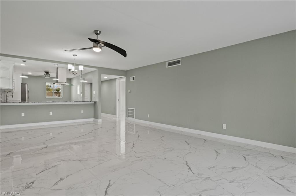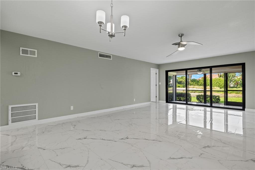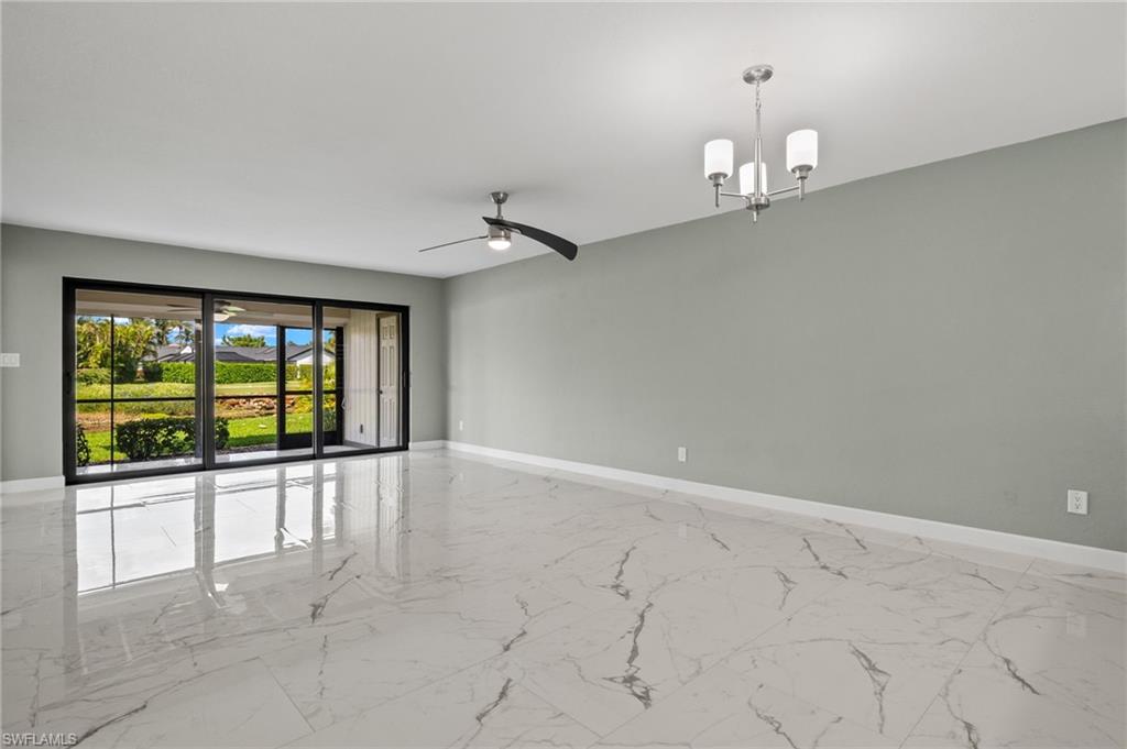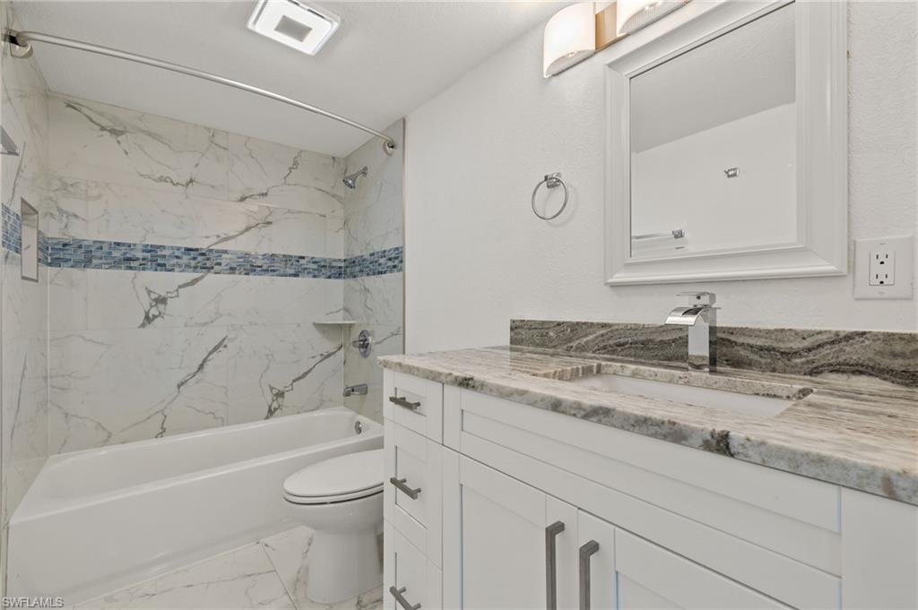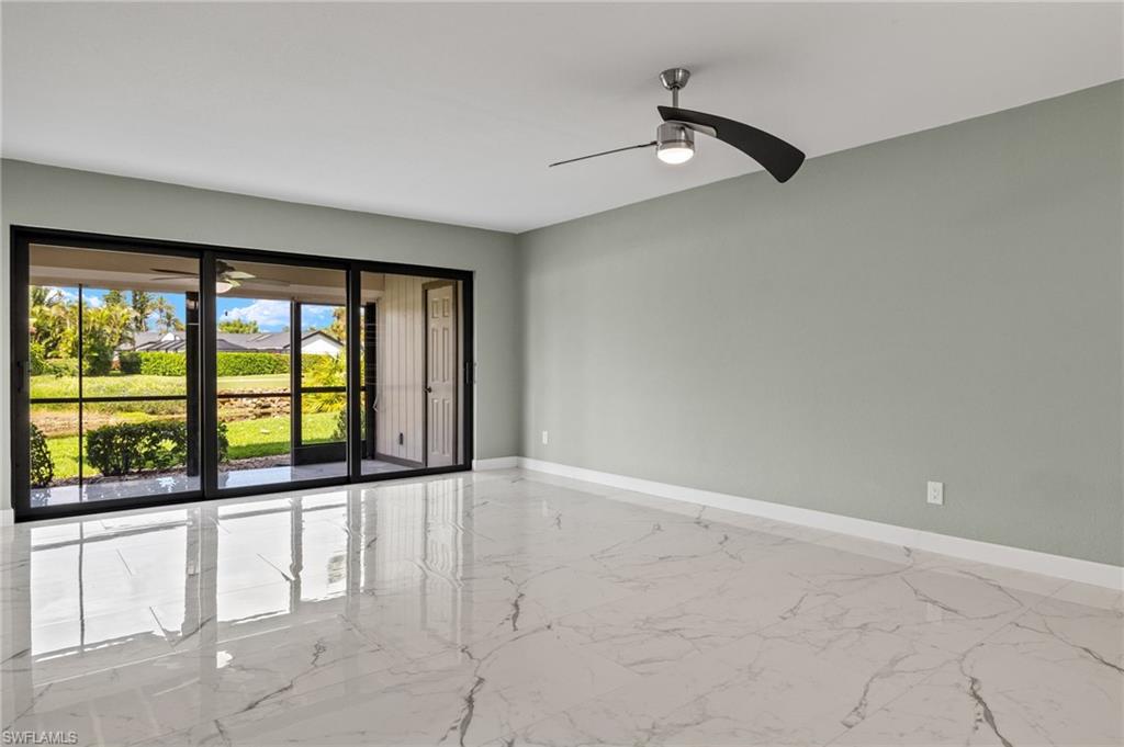 Indulge in the tranquility of this completely refurbished 2 bedroom, 2 bath end unit condo. As you step inside, you'll be greeted by a charming open-concept living space that flows seamlessly from the kitchen to the living room and dining area. The kitchen is fully equipped with stainless steel appliances, double shaker cabinetry and granite countertops. Impact rated sliding glass doors opens up to the screened in back patio, in which you can enjoy boasting views of the beautiful golf course within the sought-after The Forest community. Nestled just off US 41, this condo's prime location ensures effortless reach to Southwest Florida International Airport, FGCU, I-75 and a plethora of shopping and dining options.
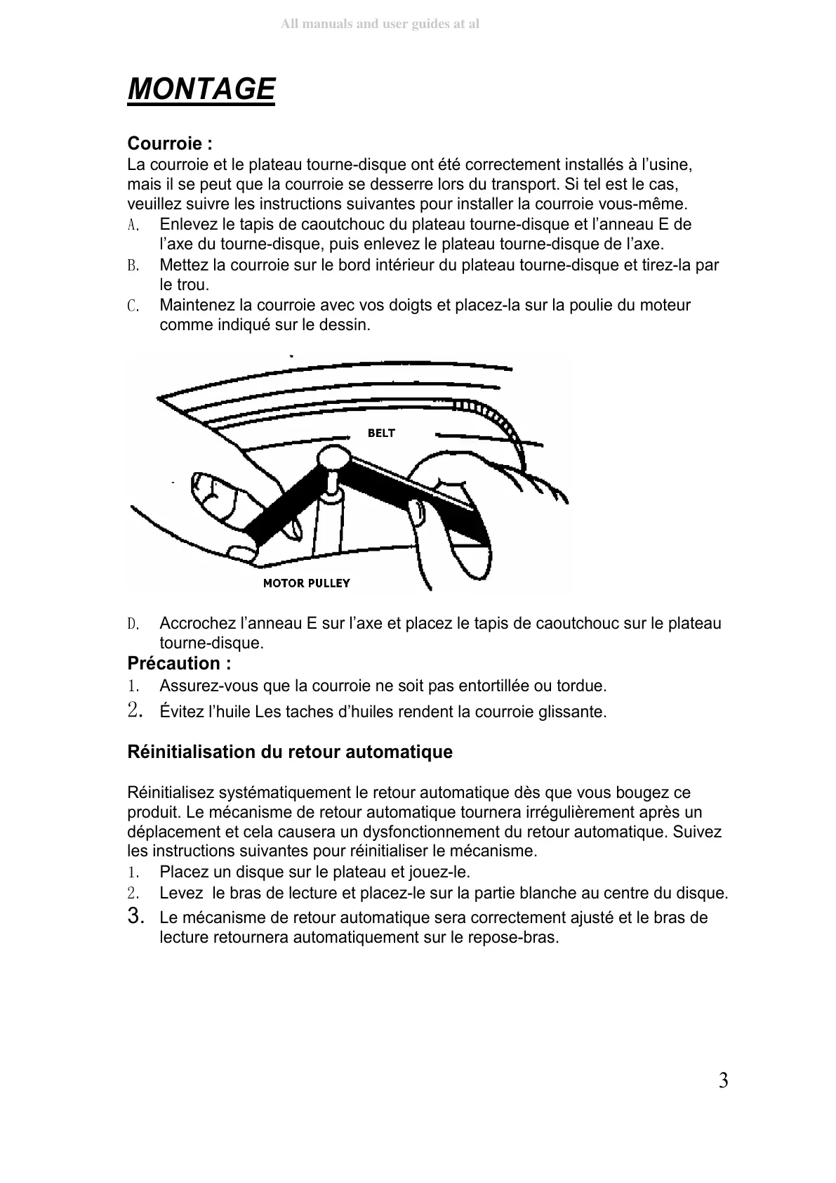 La courroie et le plateau tourne-disque ont été correctement installés à l’usine,
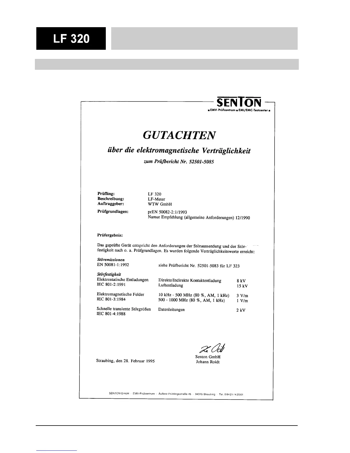 Prüfzertifikat EMV Test certificate EMC

★ ★ ★ ★ ★

-- Aim of the exercise --
The listing above must be repeated exactly. Its pictures are not part of the copy.

-- Task output --
 Indulge in the tranquility of this completely refurbished 2 bedroom, 2 bath end unit condo. As you step inside, you'll be greeted by a charming open-concept living space that flows seamlessly from the kitchen to the living room and dining area. The kitchen is fully equipped with stainless steel appliances, double shaker cabinetry and granite countertops. Impact rated sliding glass doors opens up to the screened in back patio, in which you can enjoy boasting views of the beautiful golf course within the sought-after The Forest community. Nestled just off US 41, this condo's prime location ensures effortless reach to Southwest Florida International Airport, FGCU, I-75 and a plethora of shopping and dining options.
 La courroie et le plateau tourne-disque ont été correctement installés à l’usine,
 Prüfzertifikat EMV Test certificate EMC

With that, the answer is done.